# On Behalf Of Daoriginaldiva..



## Bklynqueen (Sep 17, 2015)

Hello, my sister @daoriginaldiva has paid for her subscription and is only able to view A few forums but is not able to post or access the remaining forums on this site.  Please resolve as soon as you can, I know there are others experiencing the same issue.

Thank you!


----------



## brooklyngal73 (Sep 18, 2015)

I thought that this issue was resolved weeks ago--smh.


----------



## beverly (Sep 19, 2015)

beverly said:


> @brooklyngal73  it has been resolved weeks ago, the issue that she had with her account was something unrelated.



@brooklyngal73

The issue was fixed on September 5th as I stated almost 2 weeks ago. Daoriginaldiva had an issue with her account because of something else.
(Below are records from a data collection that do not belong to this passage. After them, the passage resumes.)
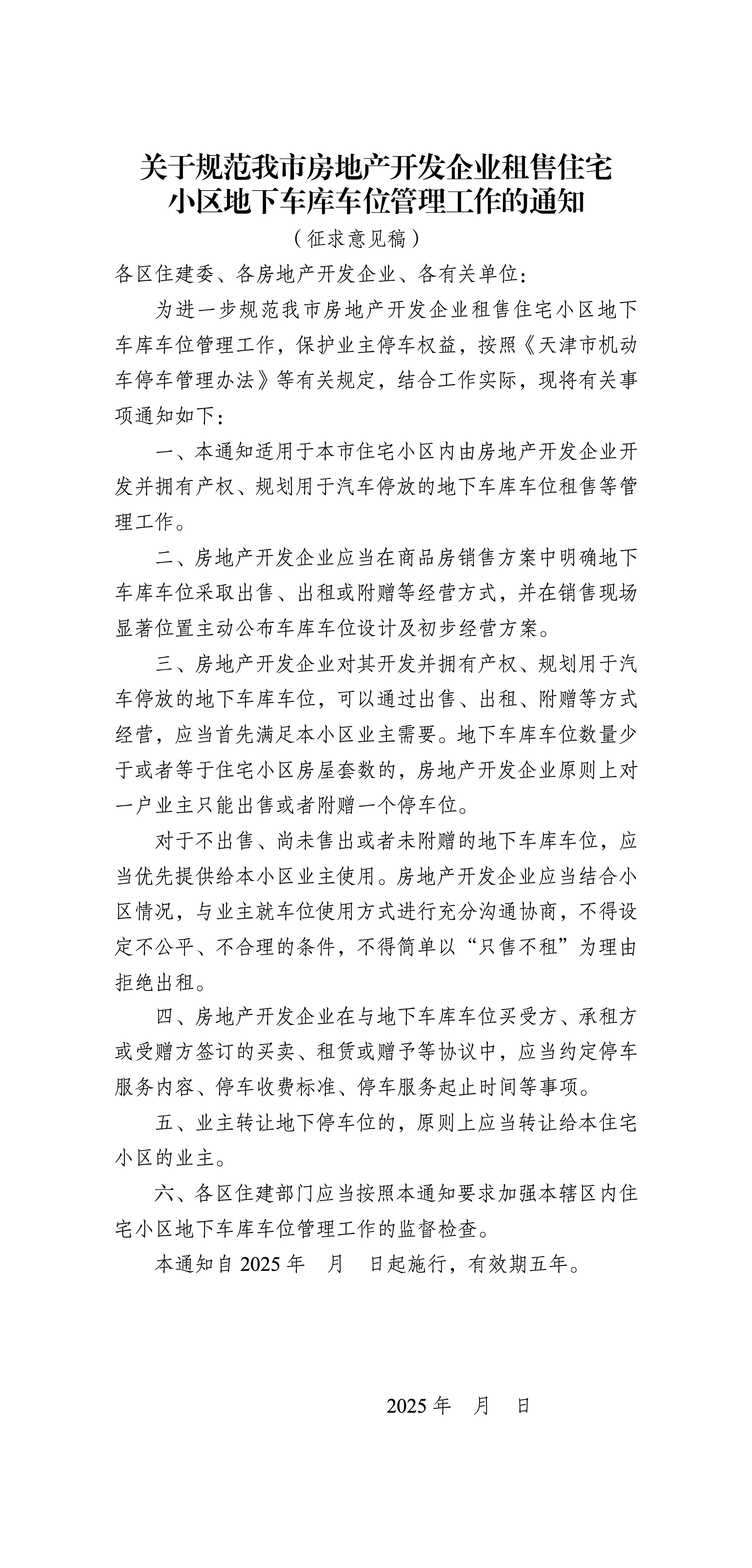 我留意到贵部门于 2025 年 4 月 30 日发布了《关于规范我市房地产开发企业租售住宅小区地下车库车位管理工作的通知(征求意见稿)》,该征求意见稿针对住宅小区地下车库车位租售管理提出了诸多规范和要求,这对于广大业主停车权益的保护以及地下停车资源的合理利用意义重大,让大家看到了政府对民生问题的重视和积极作为。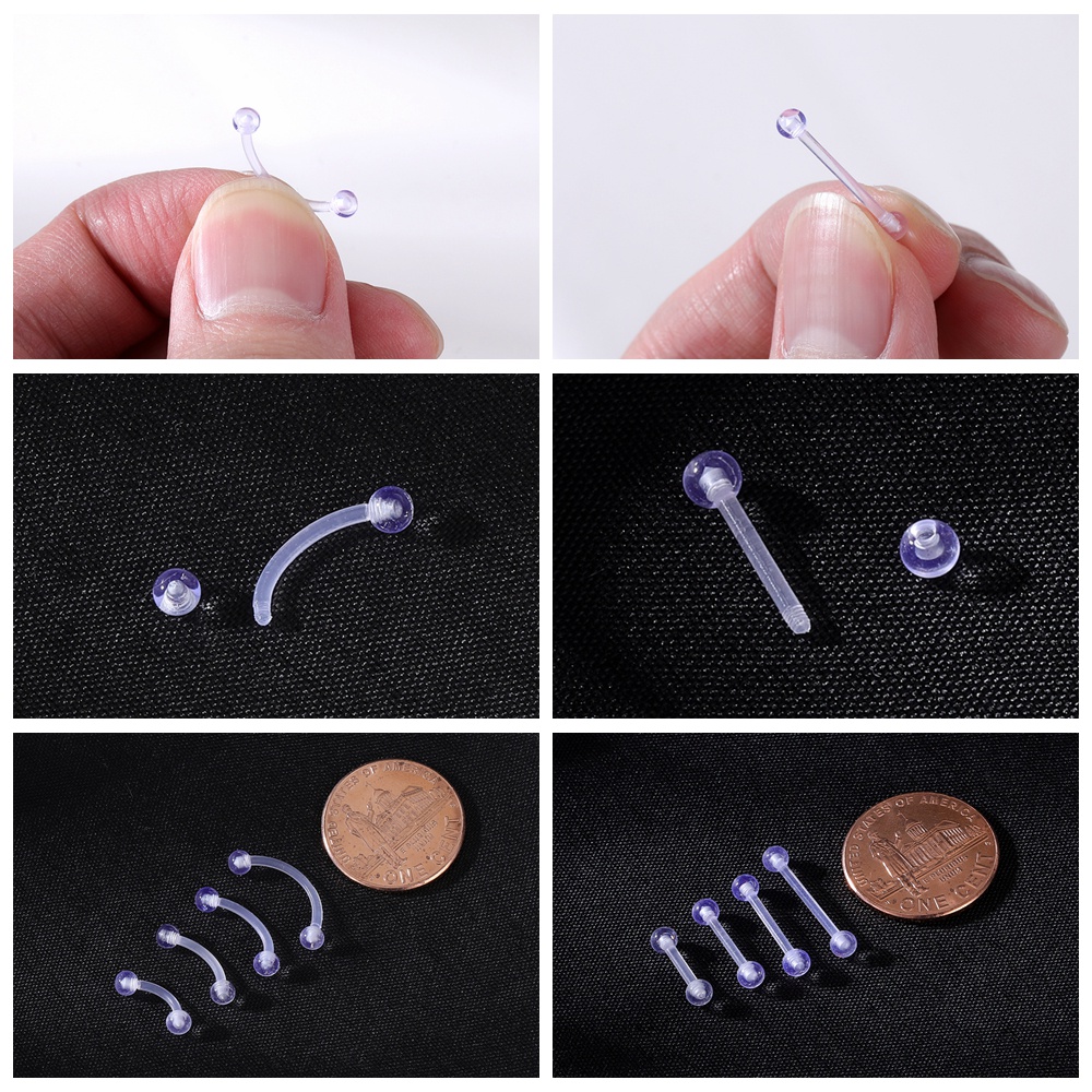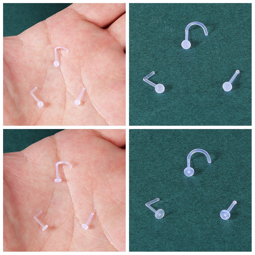 1-5Pcs Clear Acrylic Nose Septum Piercing Invisible Lip Stud Navel Ring Eyebrow Piercing Earrings Retainer Hidden Body Piercing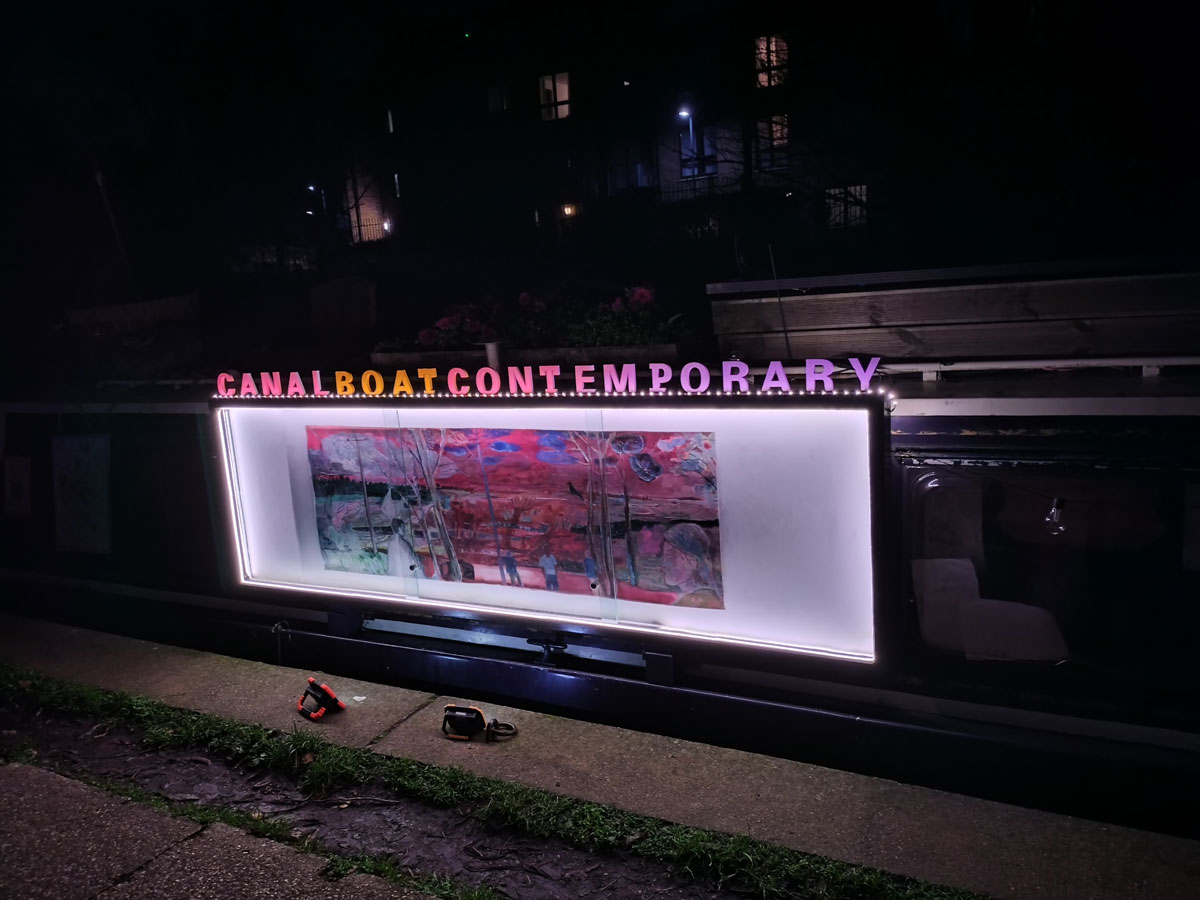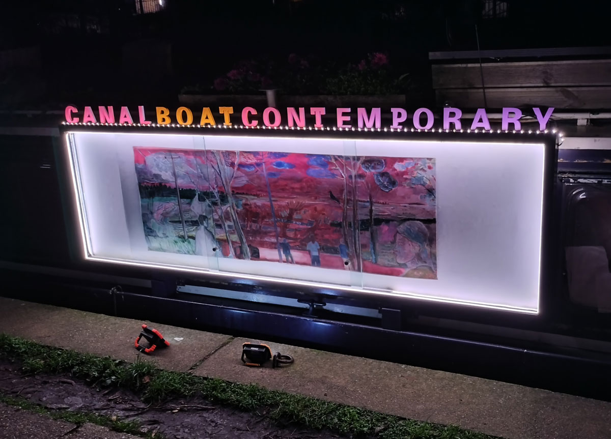 A quick catch up with the boat floats on, the non-stop thing that is the Canalboat Contemporary, weekly exhibitions in that box on the side of the canal boat that floats up and down Regent’s Canal here in London as it has been doing all year and for quite a bit longer than that now. For the last three or four weeks the floating gallery has been tied up first in Hackney by Broadway Market and now a little further on down by the greenery of Victoria Park. This week we find a Dan MacCarthy exhibition happening in the December gloom of East London, it would be fair to say the weekly gatherings for the openings aren’t quite so much fun or indeed quite as busy in the darkness of winter as they are in the bright light of Summer, it was rather cold down on the the footpath last week for Dan’s opening and the unveiling of his rather lyrical painting Will ‘O the Wisp.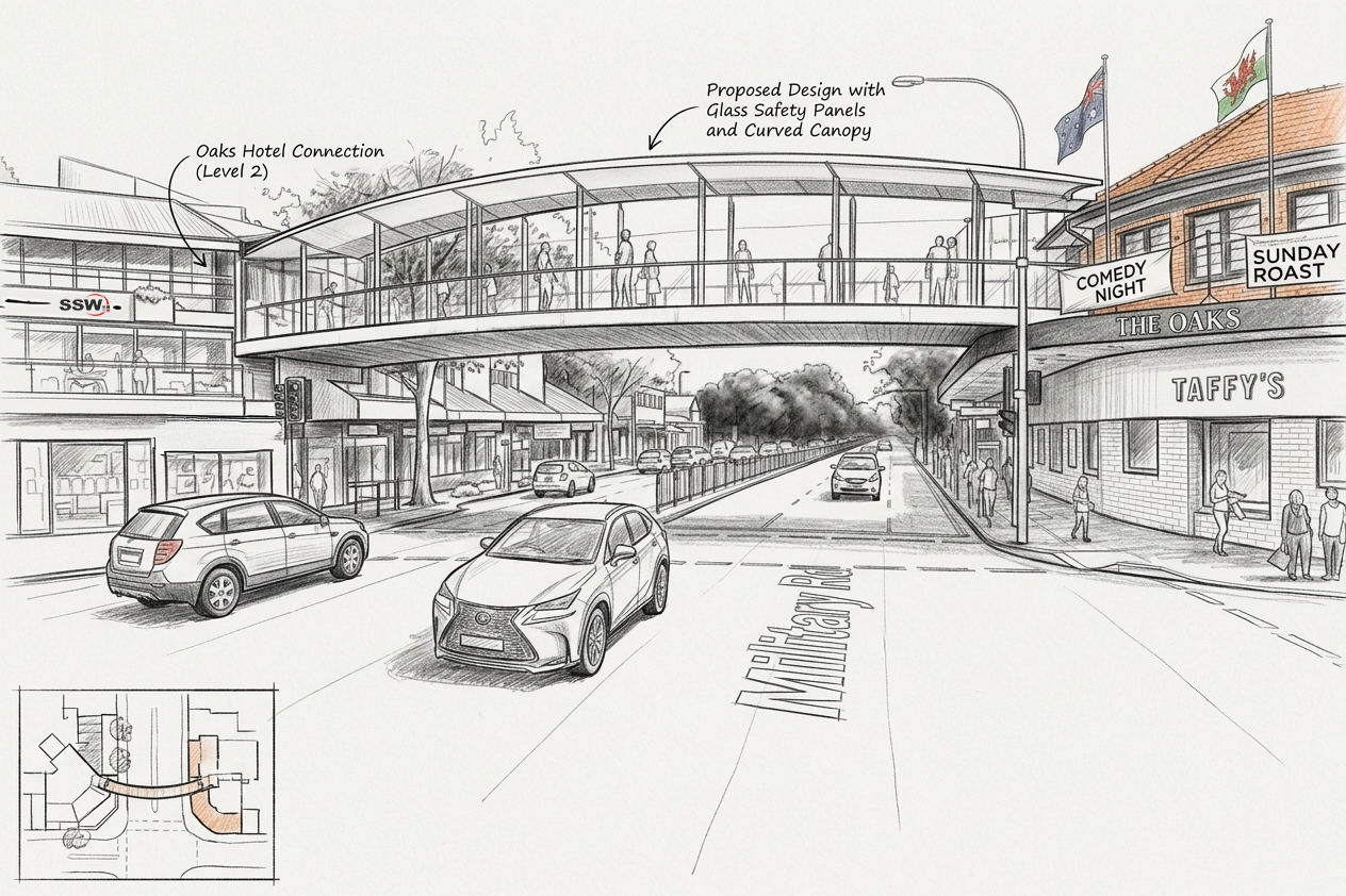 The 40-metre elevated structure will connect the southern commercial precinct (including AI software firm SSW) directly to the historic Oaks Hotel site, effectively creating a dedicated safety corridor for commuters and local workers.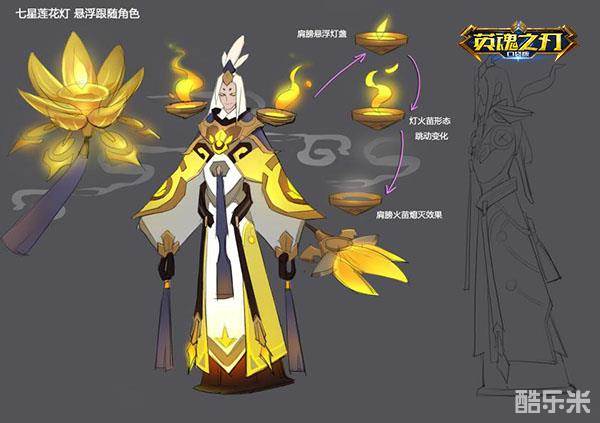 在造型外观上,新皮肤“玄玑启明”的配色使用能够直观体现光明、火光这类意象的黄白色;并将传统七星灯的造型拆解为“灯盏”、“莲花”与“烛火”三大元素,分别融入服饰的花纹、装饰、武器与技能特效中,在选择诸葛亮进行战斗时拥有更好的视觉体验。

Here are some members that you can send a private message to for reference to check whether or not the automatic update feature is working again. The members below renewed within the past 2 weeks and they had access immediately after they renewed.  I see  that you are very concerned as to whether or not I am stating factual information, so there you go.


zora
sunshine91496
tyboogie
whiteoleander91
prettymahogany
brownbetty


----------



## daoriginaldiva (Sep 20, 2015)

beverly said:


> @brooklyngal73
> 
> The issue was fixed on September 5th as I stated almost 2 weeks ago. Daoriginaldiva had an issue with her account because of something else.
> 
> ...



Thanks so much, Beverly!  I'm going to PM you.


----------